Exercise in exact copying: restate word for word only the lines below from the one containing "White Chuck Mountain, or" through the one containing "庄 華愛來さんの総格は39画の5点!", omitting any pictures.
═════ Data provided ═════
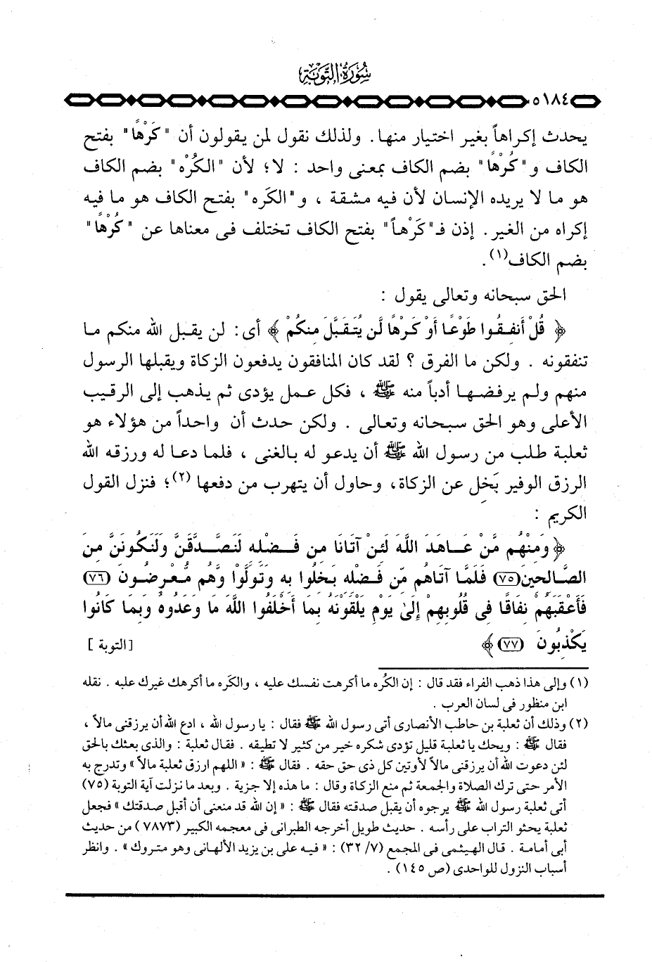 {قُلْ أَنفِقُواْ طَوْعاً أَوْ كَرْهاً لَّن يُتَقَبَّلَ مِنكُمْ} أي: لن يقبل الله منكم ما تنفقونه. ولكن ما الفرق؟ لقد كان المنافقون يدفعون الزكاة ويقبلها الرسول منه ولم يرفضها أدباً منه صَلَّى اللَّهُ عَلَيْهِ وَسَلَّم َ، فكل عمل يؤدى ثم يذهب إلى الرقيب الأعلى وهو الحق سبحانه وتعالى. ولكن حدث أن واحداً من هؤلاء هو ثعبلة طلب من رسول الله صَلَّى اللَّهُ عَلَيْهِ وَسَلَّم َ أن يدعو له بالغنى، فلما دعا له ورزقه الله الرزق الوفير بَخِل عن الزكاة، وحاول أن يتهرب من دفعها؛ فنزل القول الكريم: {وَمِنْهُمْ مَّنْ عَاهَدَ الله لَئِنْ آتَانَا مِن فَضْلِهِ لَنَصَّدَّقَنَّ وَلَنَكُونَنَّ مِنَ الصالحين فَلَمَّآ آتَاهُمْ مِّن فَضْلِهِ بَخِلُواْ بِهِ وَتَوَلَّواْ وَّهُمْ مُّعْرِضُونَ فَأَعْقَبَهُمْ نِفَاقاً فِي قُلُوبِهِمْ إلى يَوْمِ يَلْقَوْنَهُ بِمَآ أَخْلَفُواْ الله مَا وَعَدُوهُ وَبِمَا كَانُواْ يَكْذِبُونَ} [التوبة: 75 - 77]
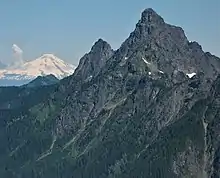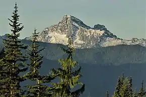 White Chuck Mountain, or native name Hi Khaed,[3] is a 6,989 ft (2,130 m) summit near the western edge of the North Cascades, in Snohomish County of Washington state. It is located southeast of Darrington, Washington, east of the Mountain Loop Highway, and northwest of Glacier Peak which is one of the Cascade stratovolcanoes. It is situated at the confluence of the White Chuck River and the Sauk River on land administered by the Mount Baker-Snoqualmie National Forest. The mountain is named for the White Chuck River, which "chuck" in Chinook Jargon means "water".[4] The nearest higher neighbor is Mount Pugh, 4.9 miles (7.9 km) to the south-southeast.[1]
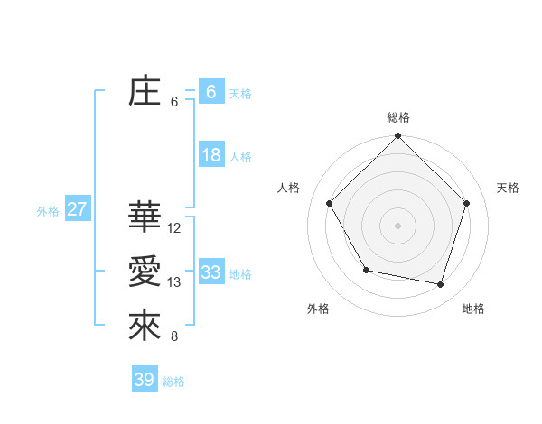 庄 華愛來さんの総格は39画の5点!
═════
═════ Data provided ═════
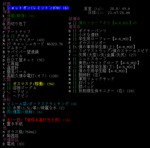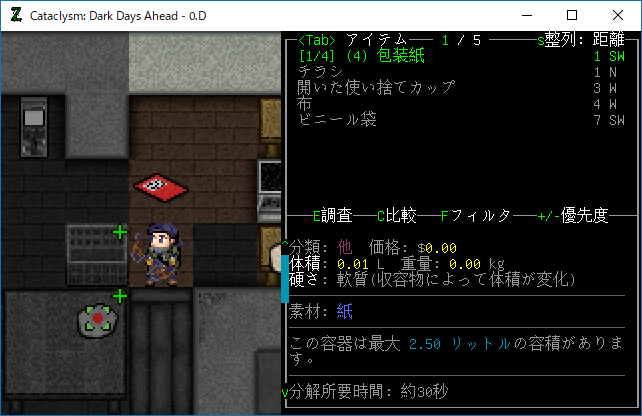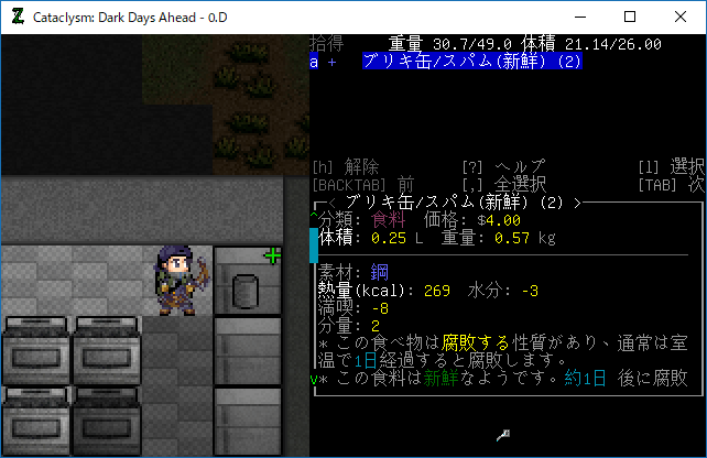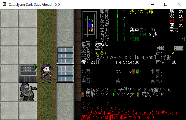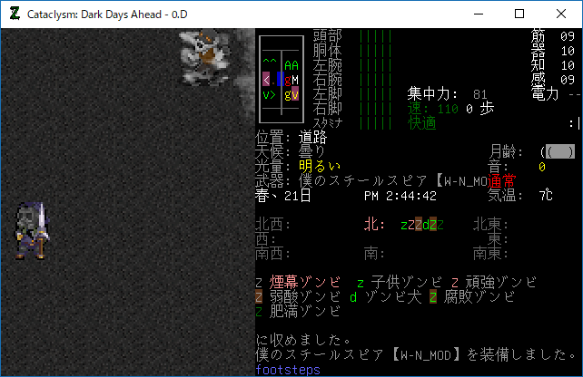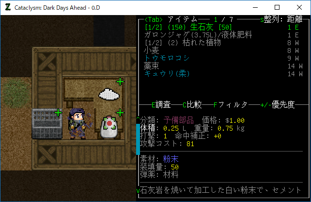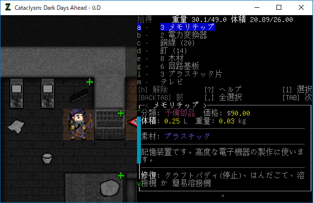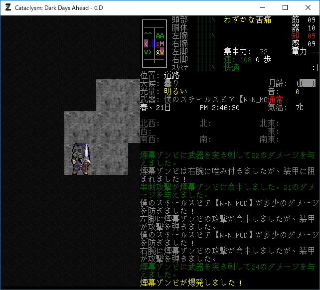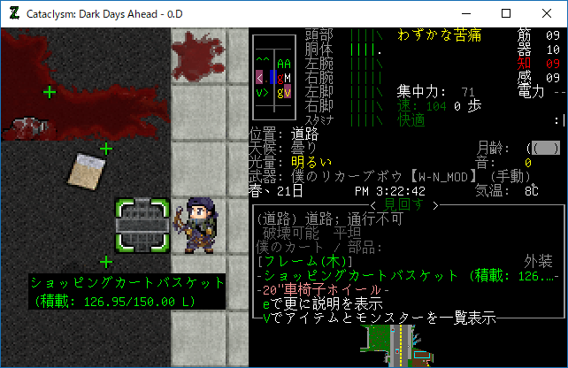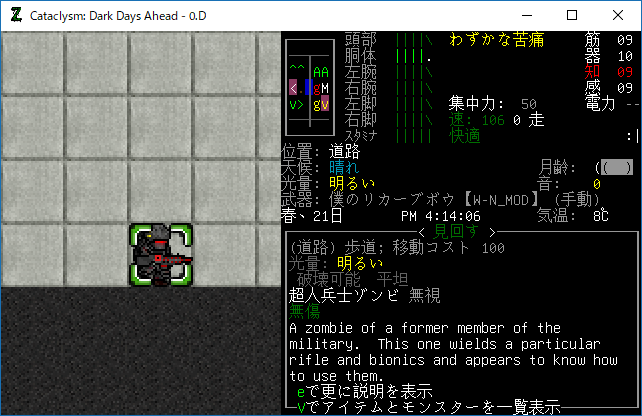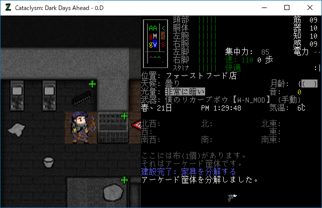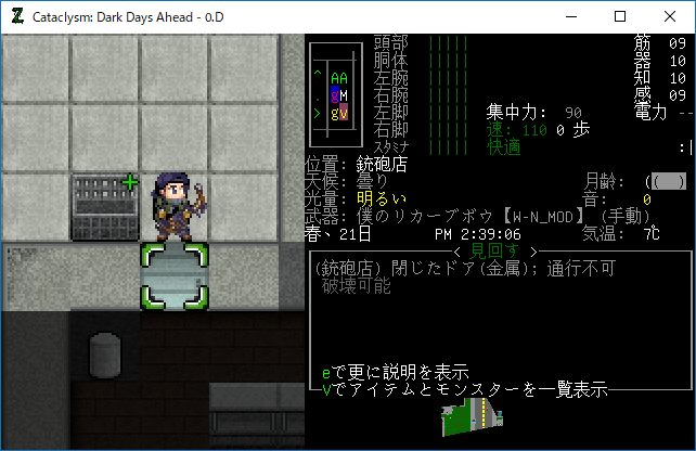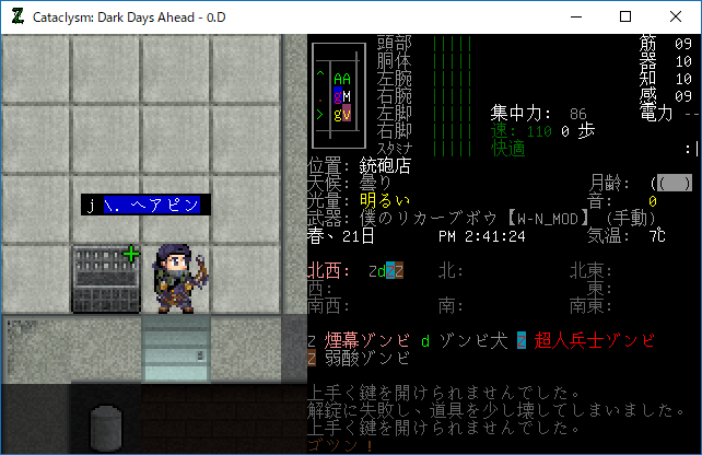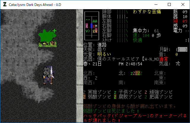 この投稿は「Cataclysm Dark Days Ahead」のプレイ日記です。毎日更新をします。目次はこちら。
═════
#### Answer box:
 White Chuck Mountain, or native name Hi Khaed,[3] is a 6,989 ft (2,130 m) summit near the western edge of the North Cascades, in Snohomish County of Washington state. It is located southeast of Darrington, Washington, east of the Mountain Loop Highway, and northwest of Glacier Peak which is one of the Cascade stratovolcanoes. It is situated at the confluence of the White Chuck River and the Sauk River on land administered by the Mount Baker-Snoqualmie National Forest. The mountain is named for the White Chuck River, which "chuck" in Chinook Jargon means "water".[4] The nearest higher neighbor is Mount Pugh, 4.9 miles (7.9 km) to the south-southeast.[1]
 庄 華愛來さんの総格は39画の5点!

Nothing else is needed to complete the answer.